Muito tem se falado sobre a primeira série brasileira da Netflix, 3%. Algumas pessoas acreditam que ela não atingiu as expectativas, outras já acharam a nova trama maravilhosa. Eu faço parte da segunda opção, e antes que você me julgue por isso eu vou explicar por quê. A série, de oito episódios, realmente peca em alguns aspectos, mas, quando analisamos o todo, percebemos que 3% é uma série vitoriosa. E essa vitória não é só da produção em si, é de todo roteirista e diretor de séries brasileiro. Ter uma série brasileira produzida pela Netflix gera visibilidade para outras produções do País, e isso é fantástico. 
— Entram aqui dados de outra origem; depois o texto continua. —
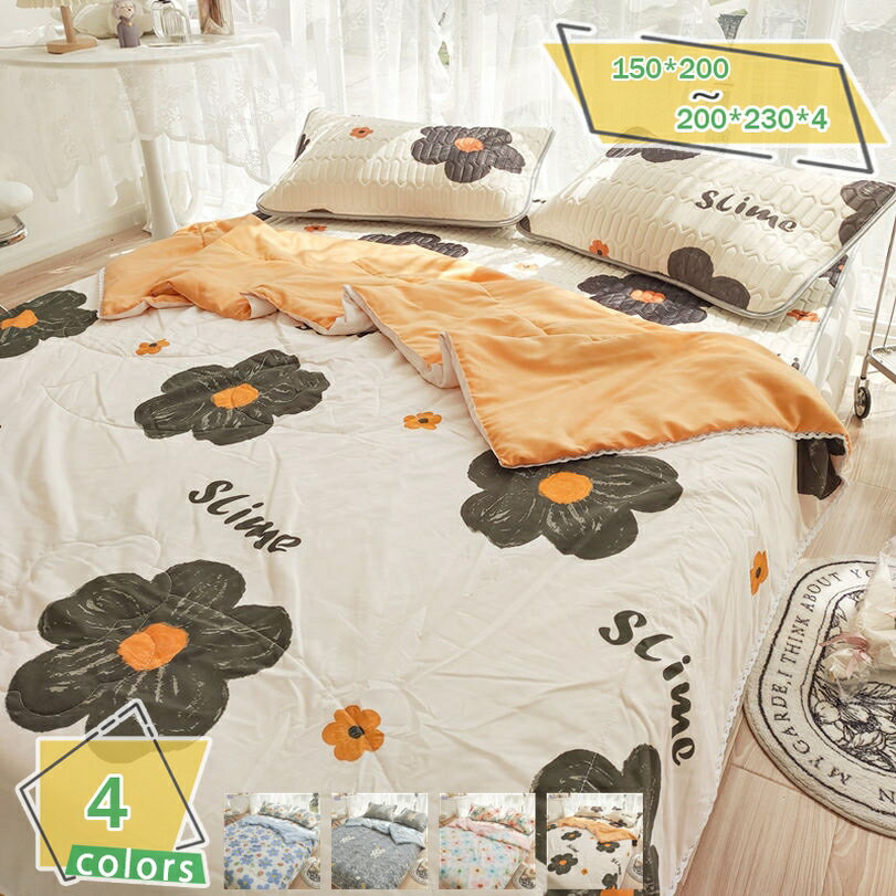 フラワー柄 ブランケット シングル コットン 夏掛け布団 両面柄 オールシーズン 夏のキルト 掛け布団 タオル布団 速乾 夏布団 北欧風 薄掛け ダブル 薄手の布団 肌掛け布団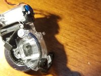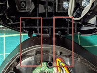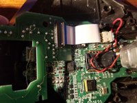 The scroll wheel assembly is held in with two P0 screws at the front. There's also a connector for the motor hiding under the ribbon cable for the PCB you just removed.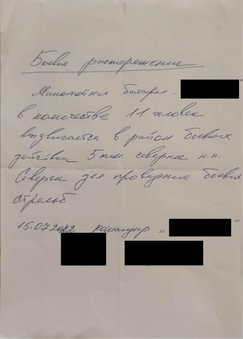 Отметим, на опубликованных фото есть боевое распоряжение, отчет о боевых действиях 1 роты и рапорт о награждении. Все документы подписаны в июле 2022 г.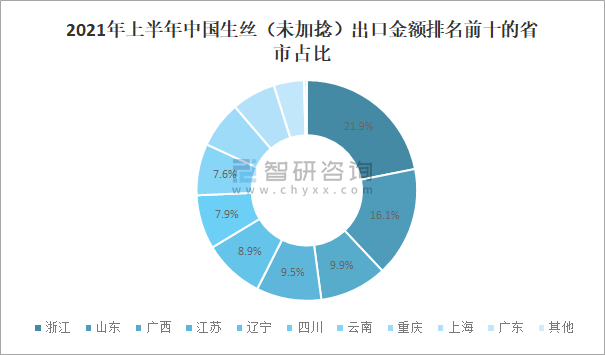 2021年上半年中國生絲(未加捻)出口金額排名前十的省市占比

Saindo do geral e indo para o particular, a série se passa em um futuro pós-apocalipto em que a sociedade é divida em dois grandes blocos: o lado de cá, onde 97% da população vivem em extrema pobreza, e o Maralto, onde os 3% “escolhidos como melhores” vivem no luxo com tudo do bom e do melhor à disposição. Para fazer parte dos 3%, ao completar 20 anos todo mundo deve passar pelo Processo: uma série de testes determina se você será escolhido ou não. Se você é eliminado, não existe outra chance; sua vida é destinada, ali, e muitos fazem de tudo para conseguir passar e alcançar a sonhada ascensão social.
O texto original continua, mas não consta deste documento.